In my first month, I was asked to "build some dashboards."
So I built five. Operations overview. Asset health. Engineer performance. Ticket trends. Capacity planning.
Lots of graphs. Lots of data. Real-time updates. I was proud.
Two months later, I checked the access logs:
- Operations Overview: 12 views (all me testing)
- Asset Health: 3 views
- Engineer Performance: 847 views
- Ticket Trends: 8 views
- Capacity Planning: 2 views
One dashboard got used constantly. The others were abandoned.
I needed to understand why.
What Made the Winner Different
I interviewed the people who actually used the Engineer Performance dashboard.
Why do you check it?
- "I need to know which engineers are overloaded"
- "My boss asks 'how's the team?' every standup"
- "I want to catch problems before they become fires"
What do you do after?
- "Reassign tickets if someone's swamped"
- "Screenshot it for my boss"
- "Ping someone directly if their queue is stuck"
What would make you stop using it?
- "If the data was wrong"
- "If it took more than 10 seconds to load"
- "If I had to explain what the graphs mean"
The pattern: they used it because it answered a question they got asked every single day.
Why the Others Failed
Operations Overview: 20 panels showing everything. Information overload. Nobody knew where to look.
Asset Health: Beautiful technical metrics. Signal distributions. Capacity histograms. But leadership doesn't care about dBm values. They care about "are we meeting SLAs?" I was showing data. They wanted answers.
Ticket Trends: Gorgeous time-series. But "tickets up 10% this week" doesn't prompt action. So what? What do I do?
Capacity Planning: Updated monthly. They looked once, said "cool," never came back. No daily utility.
The Winning Formula
The Engineer Performance dashboard worked because:
- Answered a specific question: "How's my team right now?"

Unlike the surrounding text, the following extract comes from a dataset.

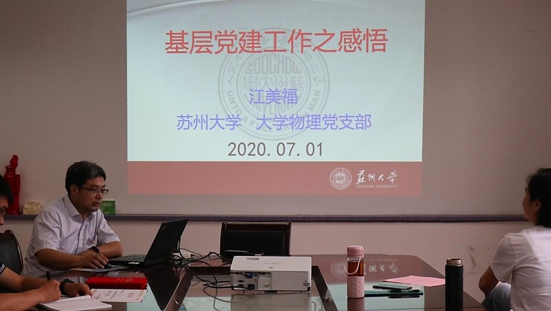 先进党支部代表、大学物理党支部书记江美福作了为“基层党建工作之感悟”的主题报告。江书记从正心致理养正气、初心不改抓党建、潜心笃志铸师魂等三个方面,通过支部建设的思路、提高凝聚力的方法、如何将思政教育融入课堂教学等方面,交流了自己多年基层党支部工作的心得体会。

- Prompted immediate action: Overloaded → reassign tickets
- Was dead simple: 4 panels, not 20
- Updated in real-time: Always current
- Explained itself: Green = good. Red = act.
The Glanceability Principle
Leadership has 30 seconds, not 30 minutes.
Before:
P95 Latency: 234ms
P99 Latency: 892ms
Error Rate: 0.3%
Request Count: 45,892
Cache Hit Rate: 94.2%After:
┌─────────────────────────┐
│ SYSTEM HEALTH: OK │
│ All metrics normal │
│ Last incident: 12 days│
└─────────────────────────┘One big status. Details on click. The summary visible instantly.
Color as Language
I stopped thinking about colors as decoration and started using them as a communication system:
Red = Act now (something's broken)
Yellow = Watch this (approaching threshold)

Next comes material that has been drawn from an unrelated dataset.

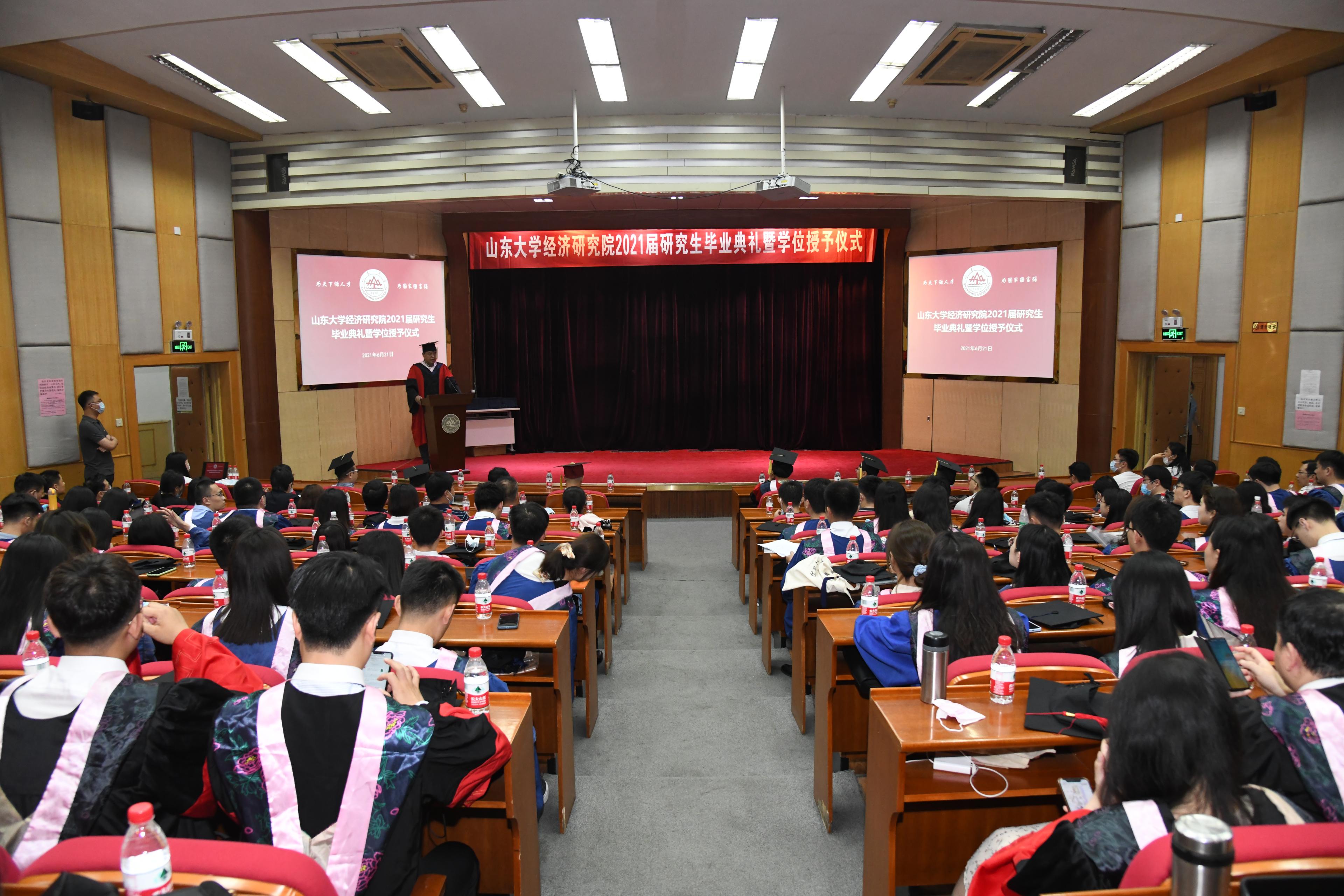 致辞后,黄少安院长为每位毕业研究生颁发学位证书并依次拨穗合影。在铿锵悠扬的《山大校歌》、《二十年后再相会》歌声中,毕业典礼顺利结束,各位毕业生的经研院时光画上了圆满句点。

Green = All good (relax)No legend needed. No explanation needed. Universal.
The Grafana threshold config:
thresholds:
- value: 0
color: green
- value: 10
color: yellow # 10+ tickets = getting heavy
- value: 15
color: red # 15+ tickets = overloadedThe colors do the talking. Engineers don't read numbers they see a wall of green and keep walking, or see red and stop.
The One Number That Matters
Every leadership meeting, same question: "How are we doing on SLA?"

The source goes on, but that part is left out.